Today, I’m headed to Manhattan ahead of my PET scan and appointment with my Oncologist at Sloan Kettering. I usually enjoy the drive down but this time I’m a little uneasy.
Last year at this time I had a scan and was told the Lymph nodes under my left arm (non-cancer side) lit up real pretty. That set off a battery of tests and biopsies to confirm the possible progression and to see if the pathology had changed. I also had my ribs biopsied again as they also looked suspicios on the scan and had been bothering me for some time.
It had all turned out OK. No progression in either the nodes or the rib but it was probably the second most stressful time since my diagnosis AND it all happened right before my birthday, which happens to be this Sunday.
As I sit in the passenger seat of the car writing this and remembering the events of last year at this time, it’s hard not to let my mind go to that place.
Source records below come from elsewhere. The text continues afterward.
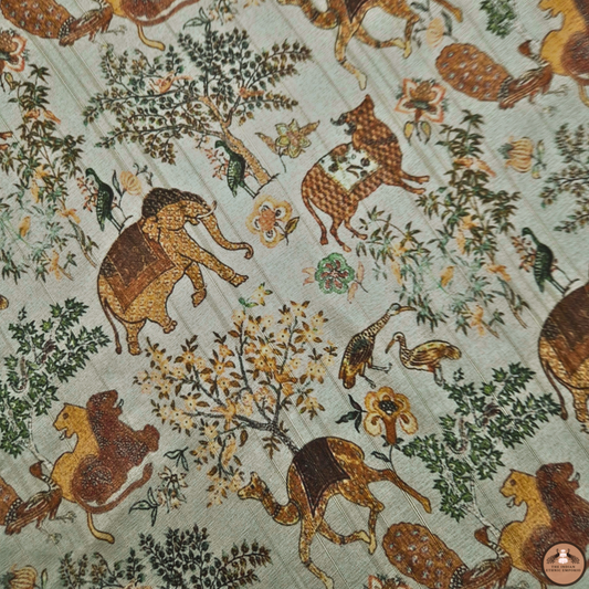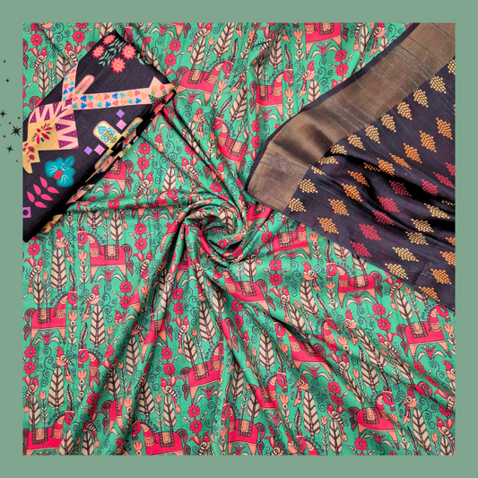 Satrangi Atrangi - Green & Red color Animal Horse Print Premium Gicha Silk Saree for Women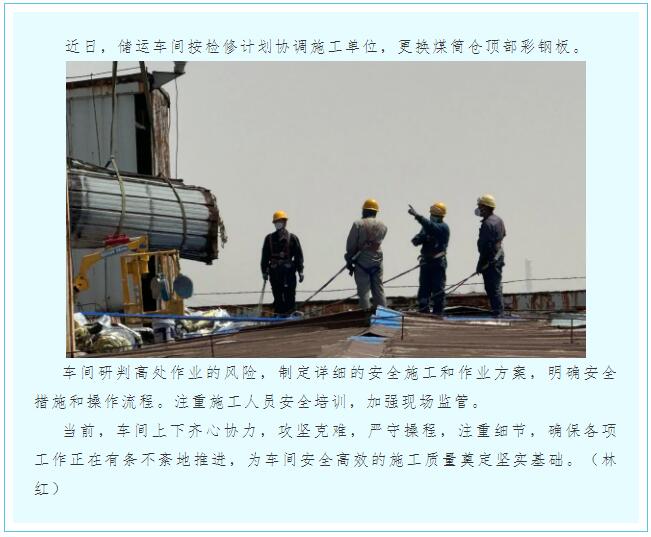儲(chǔ)運(yùn)車間煤筒倉(cāng)頂部彩鋼板更新作業(yè)全面推進(jìn)
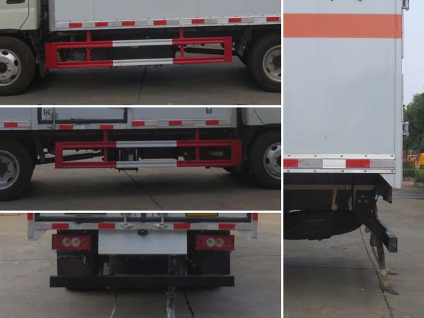 ABS型号:ABS-VI.E,ABS-E,YF8;ABS生产企业:广州瑞立科密汽车电子股份有限公司,威伯科汽车控制系统(中国)有限公司,武汉元丰汽车电控系统有限公司;安装有限速装置;限速装置限速(km/h):80;安装有具有卫星定位功能的行驶记录仪;选装描述:随底盘选装驾驶室;厢体侧面选装开门型式及位置,选装不带侧开门,选装瓦楞板结构;该车选装ETC车载装置;发动机/油耗值(L/100km)对应关系为:Q23-115C60/11.4,Q23-115E60/11.4;所用材料材质、连接方式以及后部防护装置的主要尺寸参数(断面尺寸和离地高度):侧面防护及后下部防护装置材料材质:Q235,连接方式:焊接加螺栓连接;后下部防护装置断面尺寸(宽赘?:40?00(mm),离地高度:340mm;车厢顶部封闭且不可开启;运输独立容器(瓶)包装的货物;危险货物类项号:3;其他说明:该车为危险品货物运输车;仅采用前轮盘式制动器,前置排气管,子午线轮胎;转向轮安装爆胎应急防护装置; |

That place where I imagine my Oncologist saying she’s sorry but the Cancer has spread to (pick an organ of your choice). Don’t get me wrong, I’m not being “negative”. This is fear and the fear is real. At some point this IS going to happen. It COULD be tomorrow.
So, until then, I will put in my ear buds and listen to my favorite music that takes me to my happy place and try to refocus my thoughts. There is Adam’s graduation to look forward to next month and all the festivities leading up to that day so regardless of what happens, I’m not going to let it get im my way.